Страница 17 из 77
— Идите один... я дойду вслед за вами до заставы... А как только мы очутимся, за городом, я присоединюсь к вам.
— Ничего не бойтесь, прошу вас, — сказал Родольф, тронутый ее деликатностью, и снова взял под руку Лилию-Марию. — Мой хозяин живет далеко отсюда, к тому же мы наймем извозчика на Цветочной набережной.
— Как вам будет угодно, господин Родольф; я сказала так, чтобы не навлечь на вас неприятностей...
— Верю вам, спасибо. Но, скажите откровенно, вам все равно, куда ехать?
— Да, все равно, лишь бы это было за городом... В деревне так красиво... и так приятно дышать чистым воздухом! Знаете, за последние пять месяцев я ни разу не была дальше Цветочного рынка! И Людоедка лишь потому отпускала меня из Сите, что очень мне доверяет.
— А для чего вы ходили на рынок? Чтобы купить цветов?
— О нет, у меня не было на это денег; я ходила туда посмотреть на цветы, понюхать их... И в базарные дни, когда Людоедка разрешала мне провести полчаса на рынке, я чувствовала себя такой счастливой, что забывала обо всем.
— А когда вы возвращались к Людоедке... по этим гадким улицам?..

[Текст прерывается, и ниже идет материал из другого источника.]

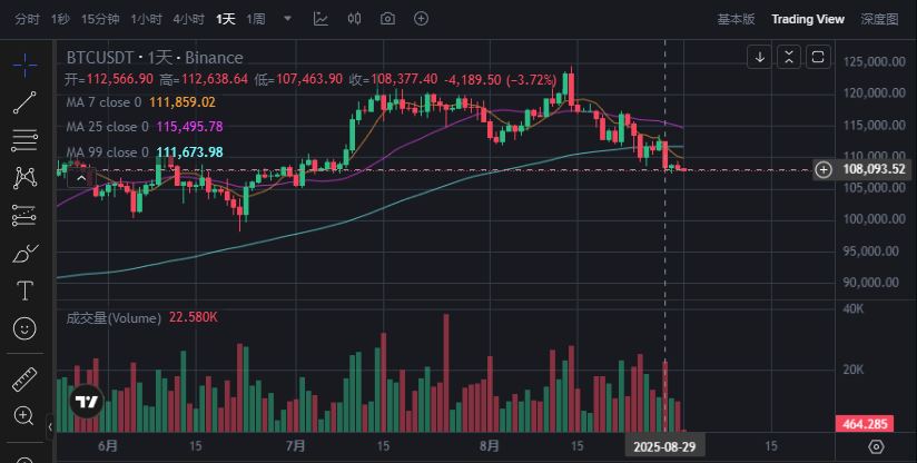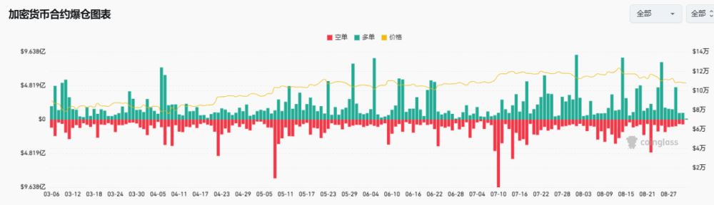 市场在8月末已经显示出疲软迹象。8月26日,比特币跌至108,717美元,连续第4日下跌。以太坊也大幅回调,跌至4,314美元,较历史高点大跌13%。在之后的8月29日,比特币在短暂反弹后再次大幅下跌至最低107300美金,这几次不断的下跌引发了大规模清算。

— Как вам сказать... Мне было еще более грустно, чем до прогулки... и я сдерживала слезы, чтобы не нарваться на побои. И знаете... кому я завидовала на рынке... очень завидовала?.. Молоденьким работницам, таким чистеньким, которые шли с рынка веселые-превеселые с горшком красивых цветов в руках.
— Я уверен, что, будь у вас на подоконнике несколько горшков с цветами, вы не чувствовали бы себя такой одинокой.

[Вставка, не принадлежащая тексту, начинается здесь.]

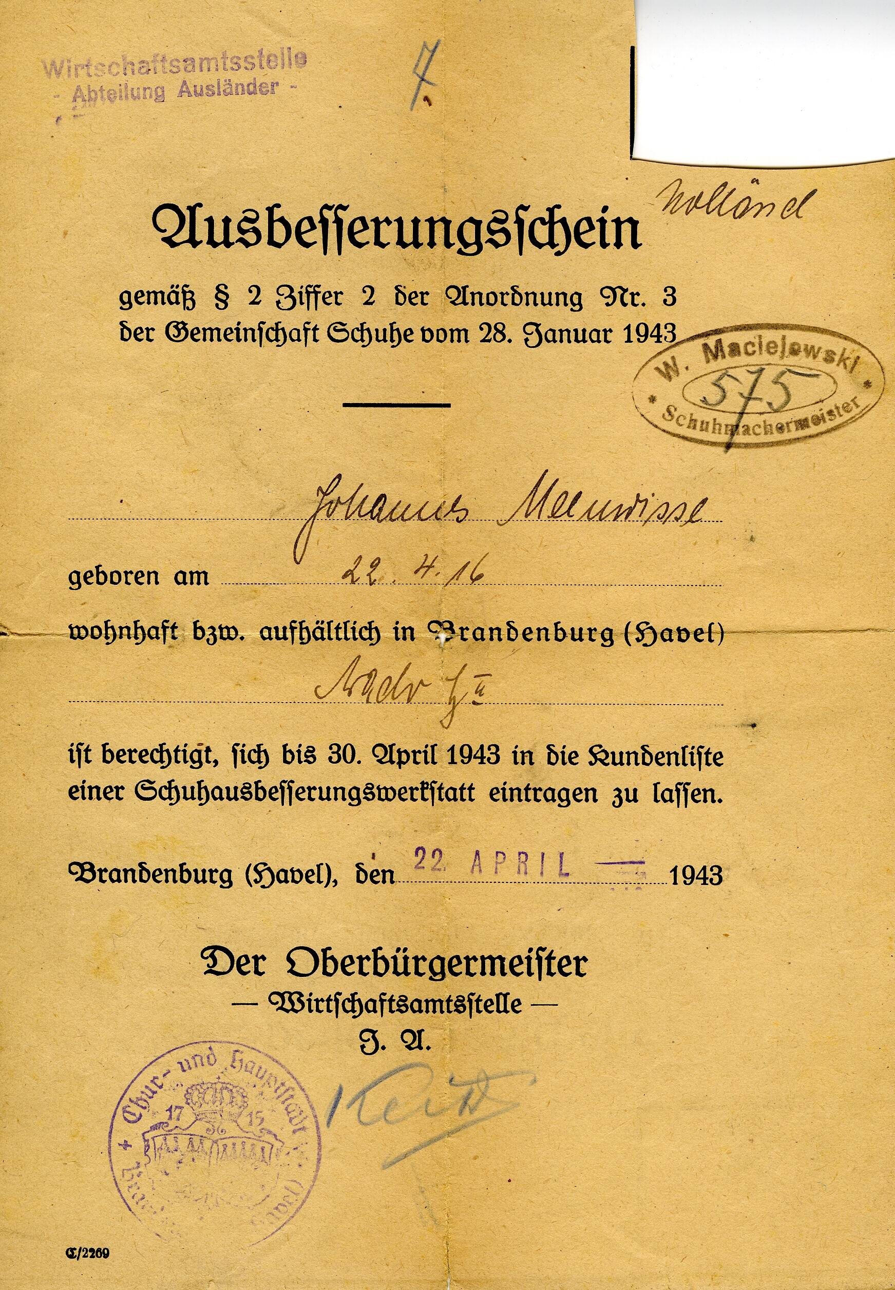 Een "Ausbesserungsschein" waarin Johannes Meeuwissen, geboren op 22 april (?) 1916 gerechtigd is zich tot 30 april 1943 in te laten schrijven op een klantenlijst van een schoenmaker. Deze vergunning is uitgegeven te Brandenburg/H. op 22 april 1943.

— Ваша правда, господии Родольф! Представьте себе, что однажды, на свои именины, Людоедка — она знала, что я люблю цветы, — подарила мне маленький розовый кустик. Если бы вы знали, как я была счастлива! Я даже перестала скучать, ей-богу! Я то и дело смотрела на свою розочку... Забавлялась, считая ее листики, бутоны... Но в Сите плохой воздух, два дня спустя розочка стала желтеть. Тогда... Но вы станете смеяться надо мной, господин Родольф.
— Нет, нет, продолжайте.
— Так вот, я попросила у Людоедки позволения гулять с моей розочкой, как я гуляла бы с ребенком. Да, я ходила с ней на набережную, воображая, что ей полезно побыть с другими цветами, на свежем, хорошем, душистом воздухе; я смачивала ее поблекшие листочки в чистой воде, потом я вытирала их и на четверть часа выставляла цветок на солнце... Дорогая моя розочка никогда не видела солнца в Сите... впрочем, как и я... ведь на нашей улице солнце не опускается ниже крыши... Наконец я возвращалась... Уверяю вас, господин Родольф, что благодаря этим прогулкам моя розочка прожила на десять дней больше, чем прожила бы без них.
— Охотно верю, и, конечно, для вас было большой потерей, когда она погибла.
— Да, я оплакивала ее, это было для меня настоящим горем... И вот что, господин Родольф, раз вы понимаете, что можно любить цветы, я могу сказать вам одну вещь. Так вот, я питала нечто вроде благодарности... Ну, теперь вы непременно посмеетесь надо мной...
— Нет, нет! Я люблю, я обожаю цветы! И вполне понимаю те безрассудства, которые люди совершают из-за них.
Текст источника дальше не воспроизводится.